* _Given material_:
------------------------

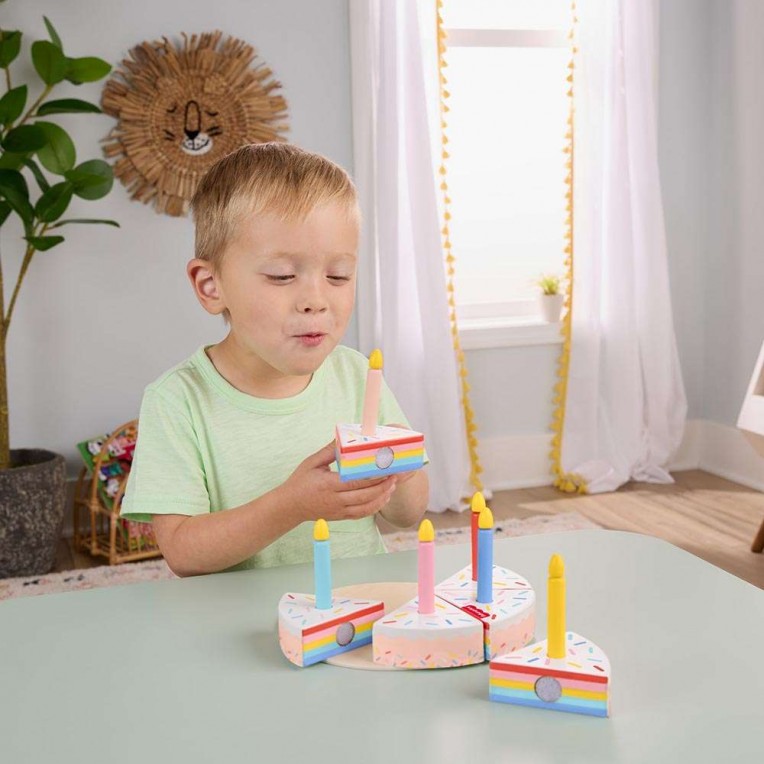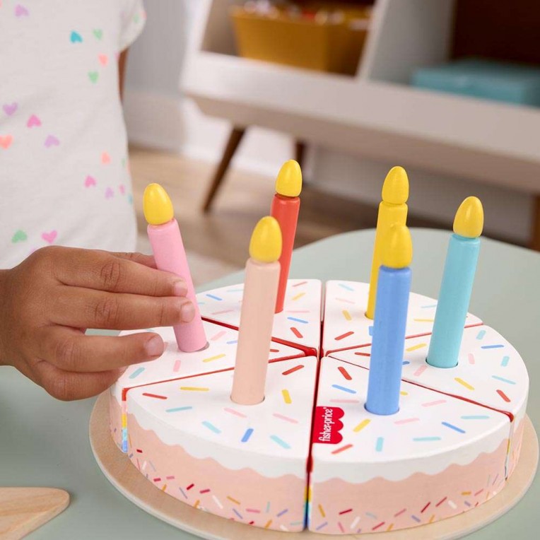 Κάθε μέρα παιχνιδιού γίνεται ένα αληθινό πάρτι με το ξύλινο σετ τούρτας της Fisher-Price. Αυτό το σετ 14 τεμαχίων για προσποιητό φαγητό περιλαμβάνει 6 φέτες τούρτας που συνδέονται μεταξύ τους, καθώς και 6 αφαιρούμενα κεριά, έναν δίσκο σερβιρίσματος και ένα μαχαίρι τούρτας. Τα παιδιά θα λατρέψουν να διακοσμούν, να κόβουν και να σερβίρουν την τούρτα ξανά και ξανά, δημιουργώντας ατελείωτες γιορτινές στιγμές. Κάθε κομμάτι είναι φτιαγμένο από ξύλο πιστοποιημένο από το FSC (FSC-N004566) και διακοσμημένο με μη τοξικό, νερού βάσης χρώμα. Δεν προορίζεται για χρήση με πραγματικά τρόφιμα. Τα χρώματα και οι διακοσμήσεις μπορεί να διαφέρουν.
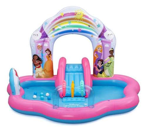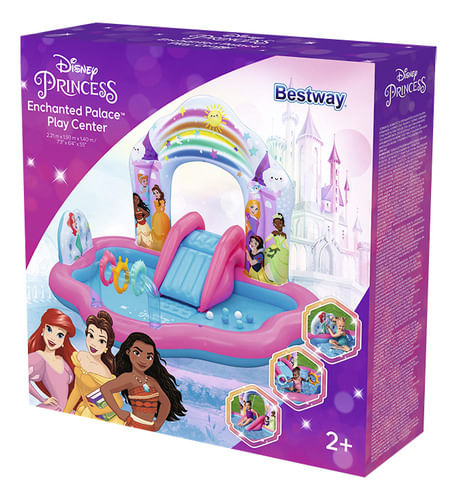 Descubre el Playcenter Bestway Princesas Disney, un centro de juegos inflable diseñado para brindar horas de diversión a los más pequeños. Con una capacidad de agua de 160 litros, este atractivo modelo en forma de estrella es ideal para niños de 2 a 4 años, permitiendo que dos pequeños jueguen al mismo tiempo.
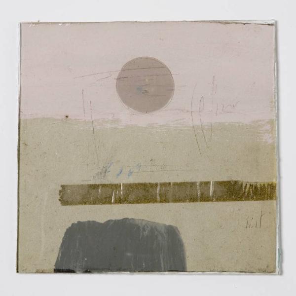Formella quadrata di piccole dimensioni su cartoncino, con un clipeo trasparente rilevato che campeggia al centro di un cielo rosato e sovrasta la terra contrassegnata da una striscia orizzontale di nastro adesivo e da una macchia di colore grigio.\nAl verso il cartoncino è stato interamente coperto da un pesante strato di colore nero opaco, che lascia volutamente intravvedere, in alcuni punti, il blu del cartoncino di recupero usato come base e in modo frammentario la scritta a stampa "Armando Curcio Editore Astronomia".\nAnteriormente la composizione in tecnica mista è protetta da un vetro antico soffiato, di recupero.
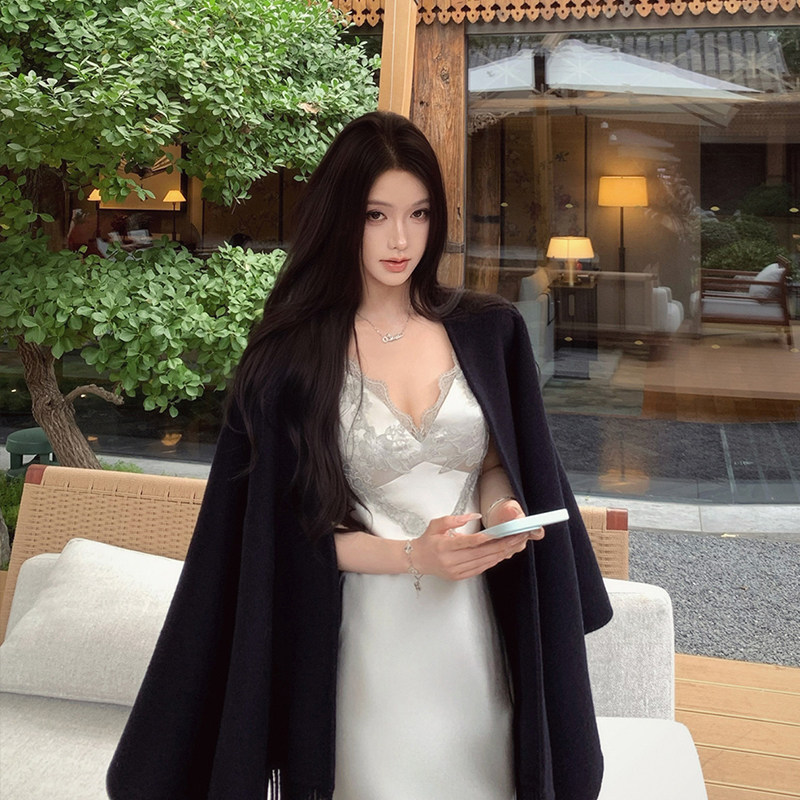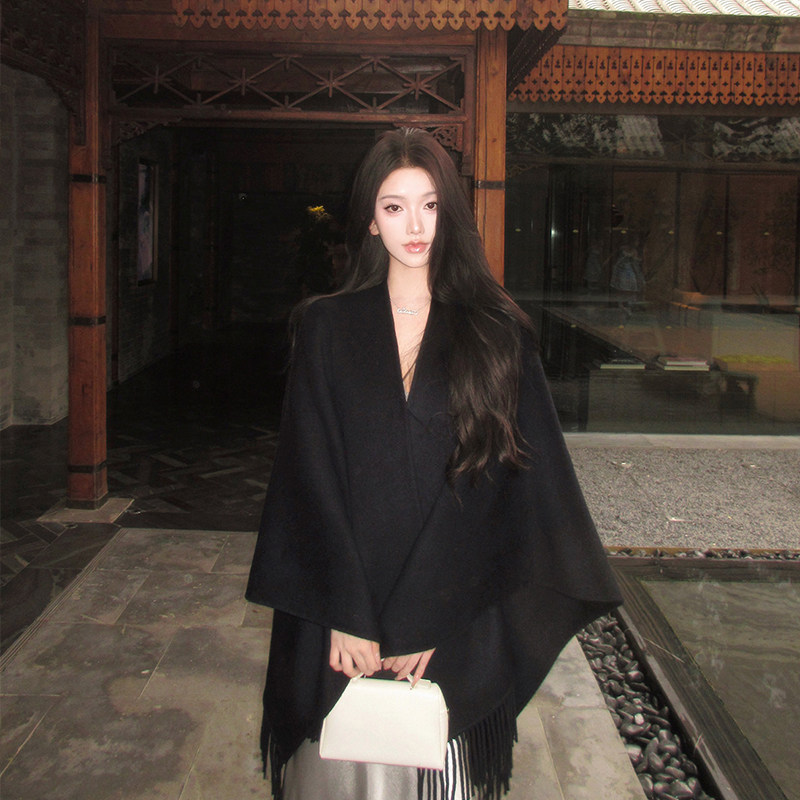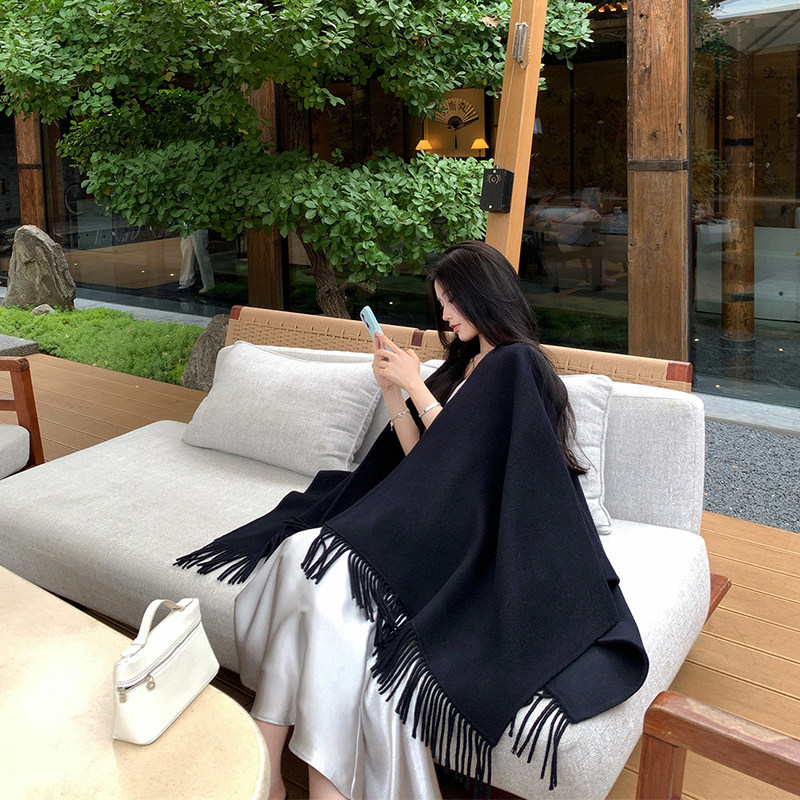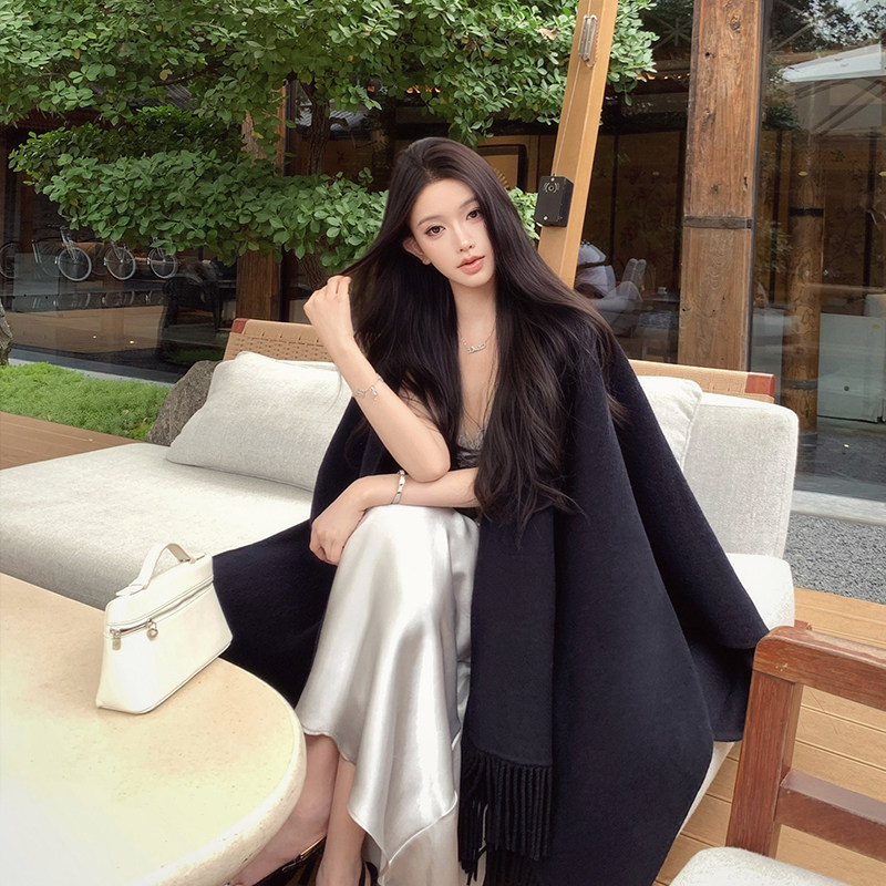 黑色羊毛披肩女外搭2026新款高级感纯色流苏保暖斗篷披风围巾两用

------------------------

Exact repetition is the task: every line from the start of the data to the line with "Descubre el Playcenter", inclusive, and none after it, pictures omitted.

 Κάθε μέρα παιχνιδιού γίνεται ένα αληθινό πάρτι με το ξύλινο σετ τούρτας της Fisher-Price. Αυτό το σετ 14 τεμαχίων για προσποιητό φαγητό περιλαμβάνει 6 φέτες τούρτας που συνδέονται μεταξύ τους, καθώς και 6 αφαιρούμενα κεριά, έναν δίσκο σερβιρίσματος και ένα μαχαίρι τούρτας. Τα παιδιά θα λατρέψουν να διακοσμούν, να κόβουν και να σερβίρουν την τούρτα ξανά και ξανά, δημιουργώντας ατελείωτες γιορτινές στιγμές. Κάθε κομμάτι είναι φτιαγμένο από ξύλο πιστοποιημένο από το FSC (FSC-N004566) και διακοσμημένο με μη τοξικό, νερού βάσης χρώμα. Δεν προορίζεται για χρήση με πραγματικά τρόφιμα. Τα χρώματα και οι διακοσμήσεις μπορεί να διαφέρουν.
 Descubre el Playcenter Bestway Princesas Disney, un centro de juegos inflable diseñado para brindar horas de diversión a los más pequeños. Con una capacidad de agua de 160 litros, este atractivo modelo en forma de estrella es ideal para niños de 2 a 4 años, permitiendo que dos pequeños jueguen al mismo tiempo.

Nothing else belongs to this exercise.